Next comes the training process of the SVM. For the training set of the SVM classifier, we chose here 1000 groups of signal samples and 1000 groups of noise samples to form the training set. The signal samples are were randomly generated by using Ricker wavelets with the amplitudes ranging from 0.1 to 1 and frequencies ranging from 100 to 500 Hz. The noise samples were randomly generated with WGN and real noise with different levels. Through training, we can obtain the trained SVM classifier.

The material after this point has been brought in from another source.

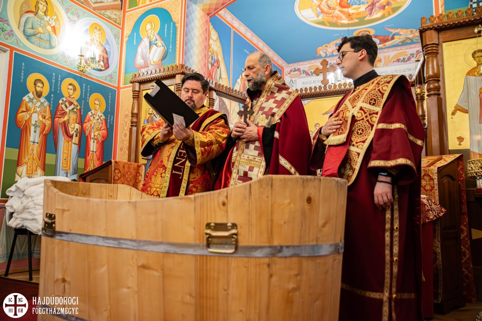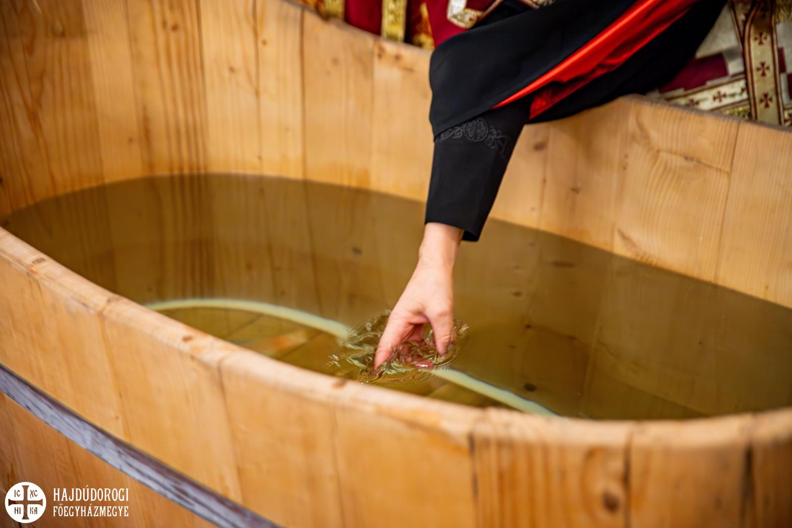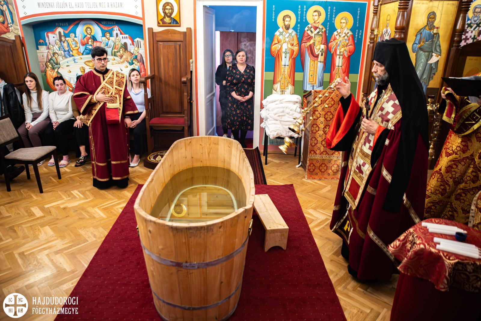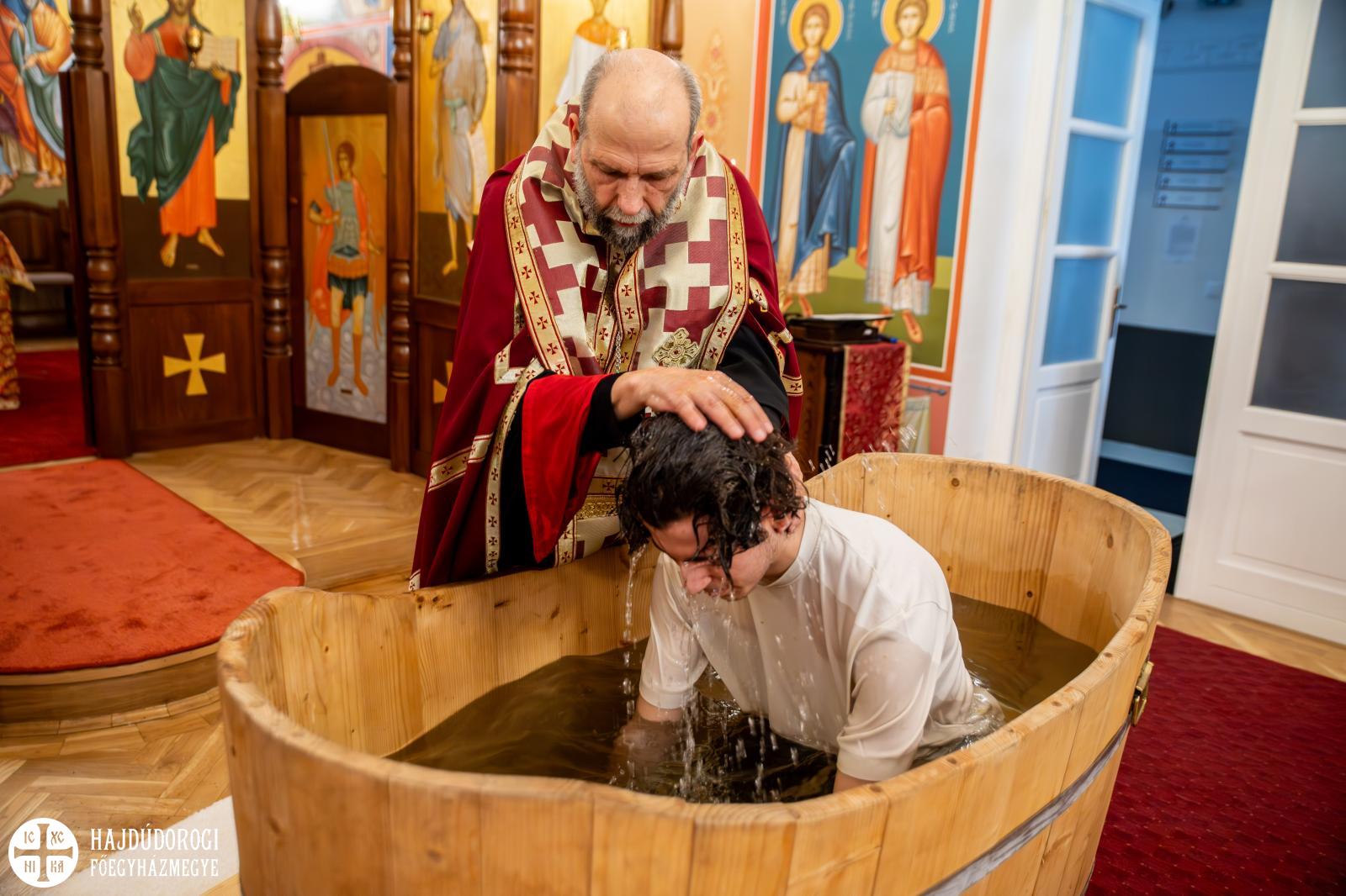 - A szertartás pillanatában csendben odafordultam a mellettem ülő, már beavatott felnőtt keresztényhez, és elárultam neki: egy napon van a születésnapunk. Erre ő rácsodálkozott: hogy lehetséges ez? Elárultam neki, hogy harminc évvel ezelőtt engem is ezen a napon kereszteltek meg felnőtt koromban. Együtt örültünk hát annak, hogy Nagyszombaton válhatott ő is kereszténnyé. Az egyik kiemelkedő szertartási mozzanat szerintem az alámerítés. Nagyon sokáig egyházunkban is a szentelt vízzel való leöntés volt gyakorlatban, de Fülöp metropolita szorgalmazására egyre több pap veszi át azt a hagyományt, hogy gyermekeknél is alámerítéssel történjen a keresztelés. 2022 decemberében karácsony alkalmával próbát tettünk egy arra vállalkozó és a hitjelölti státuszból felkészült fiatal hölgynél, hogy vállalja ezt a típusú keresztelést. Jó volt látni, hogy milyen mély, intenzív hatással volt az ő lelkére, éppen ezért javaslatot tettünk az idén Húsvétkor készülő keresztelendőknél, hogy szeretnék-e ezt a változatát. Mindenki elfogadta ezt a lehetőséget.

We compared the proposed method with the STA/LTA and CNN, and the detection results are shown in Figure 6. The proposed method can accurately detect two microseismic signals and there is no misjudgment. In the case of low SNR, we can still accurately detect the microseismic signals, while there are many detection errors with the STA/LTA and CNN methods. It is difficult to choose a suitable threshold for the STA/LTA method especially when the SNR is low. CNN achieves accurate detection at high SNR, but it does not work well for low SNR either. In contrast, the proposed method avoids threshold setting and the detection result of the proposed method is accurate at low SNR.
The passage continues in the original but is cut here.